--- DATA FOR THE TASK Enclosed Below ---

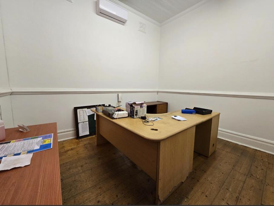 This outstanding property offers four generously sized offices with stylish wooden flooring throughout, all fully air-conditioned to ensure comfort and enhance productivity. It also features a convenient kitchenette and a separate 1-bedroom flatlet, providing added flexibility. The property includes a secure garage and additional parking space for up to three vehicles. For added security, it is equipped with an alarm system, access control, and electric fencing.
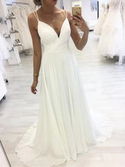 A-Linie V-Ausschnitt Chiffon Träger Lange Ballkleider
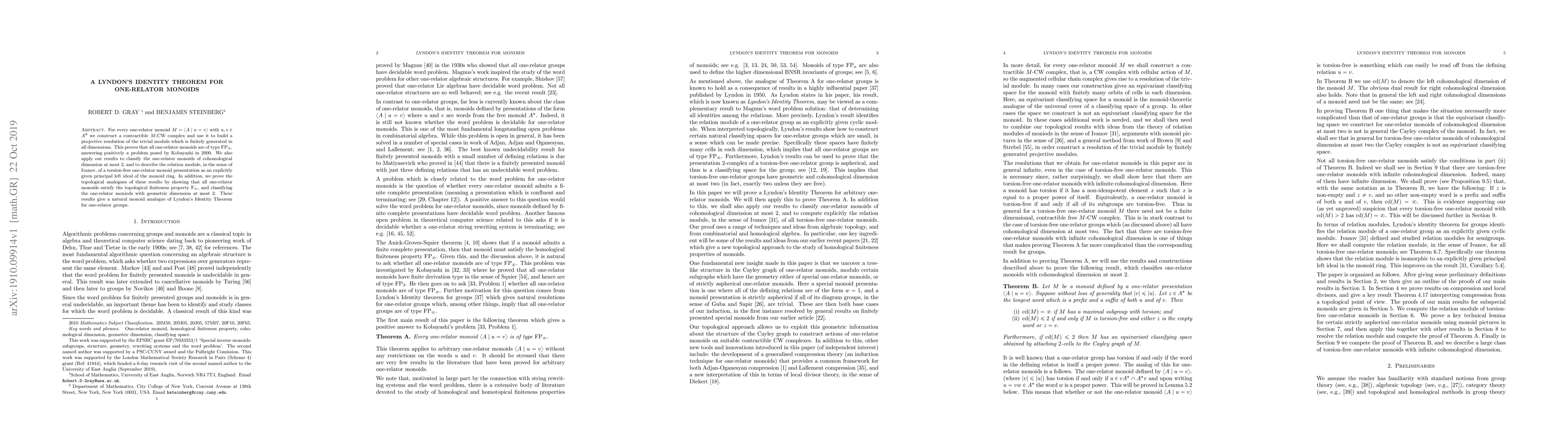 This paper constructs a contractible $M$-CW complex for one-relator monoids, proving they are of type ${\rm FP}_\infty$. It also classifies monoids of cohomological dimension at most $2$ and describes their relation modules, establishing topological analogues and the finiteness property ${\rm F}_\infty$.
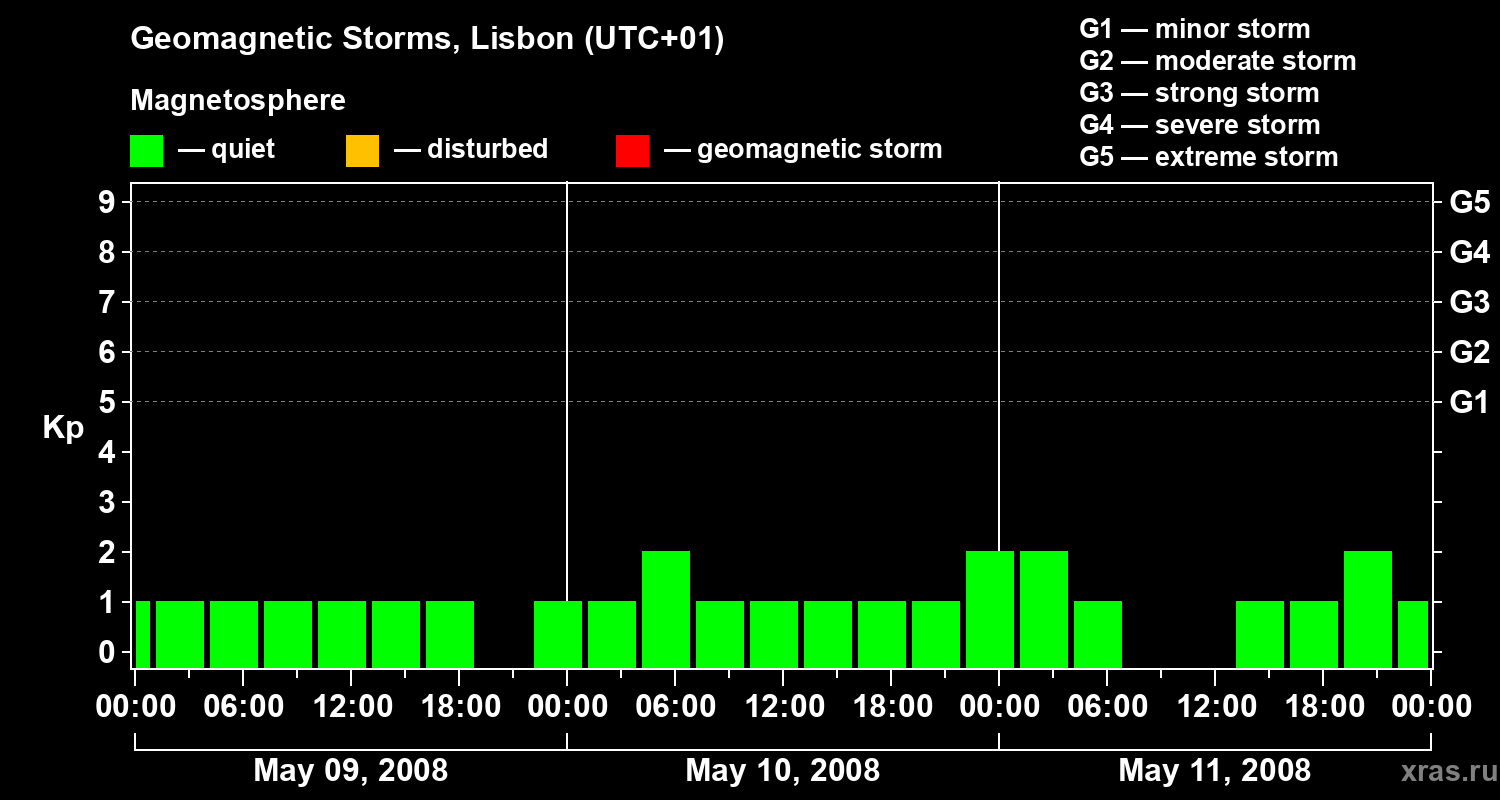 Changes in the geomagnetic index Kp from May 9 to 11, 2008 for mid latitudes
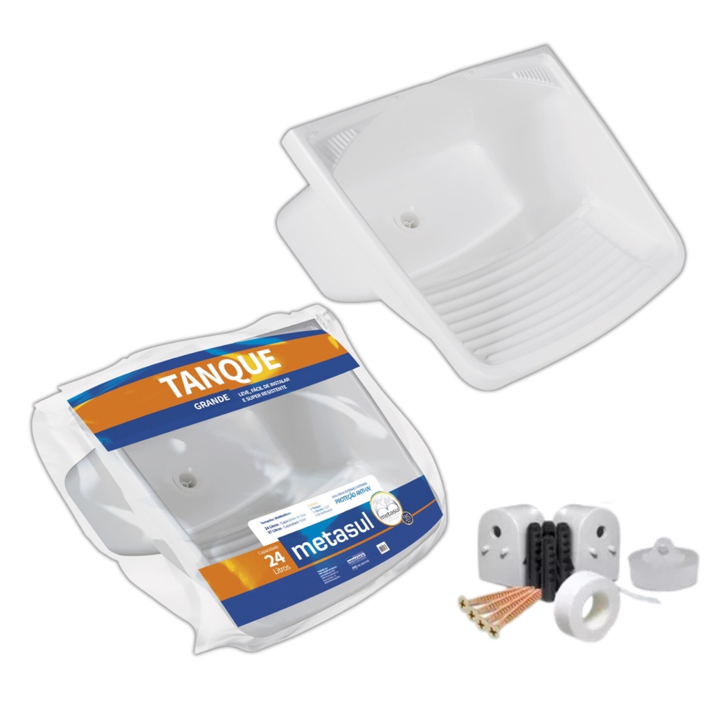 Tanque de Plástico Para Lavar Roupas Lavanderia 24l Branco Com Kit de Instalação

--- End of Enclosed DATA FOR THE TASK ---

Retype the data above verbatim, minus images.

* [SOLVED PROBLEM]
 This outstanding property offers four generously sized offices with stylish wooden flooring throughout, all fully air-conditioned to ensure comfort and enhance productivity. It also features a convenient kitchenette and a separate 1-bedroom flatlet, providing added flexibility. The property includes a secure garage and additional parking space for up to three vehicles. For added security, it is equipped with an alarm system, access control, and electric fencing.
 A-Linie V-Ausschnitt Chiffon Träger Lange Ballkleider
 This paper constructs a contractible $M$-CW complex for one-relator monoids, proving they are of type ${\rm FP}_\infty$. It also classifies monoids of cohomological dimension at most $2$ and describes their relation modules, establishing topological analogues and the finiteness property ${\rm F}_\infty$.
 Changes in the geomagnetic index Kp from May 9 to 11, 2008 for mid latitudes
 Tanque de Plástico Para Lavar Roupas Lavanderia 24l Branco Com Kit de Instalação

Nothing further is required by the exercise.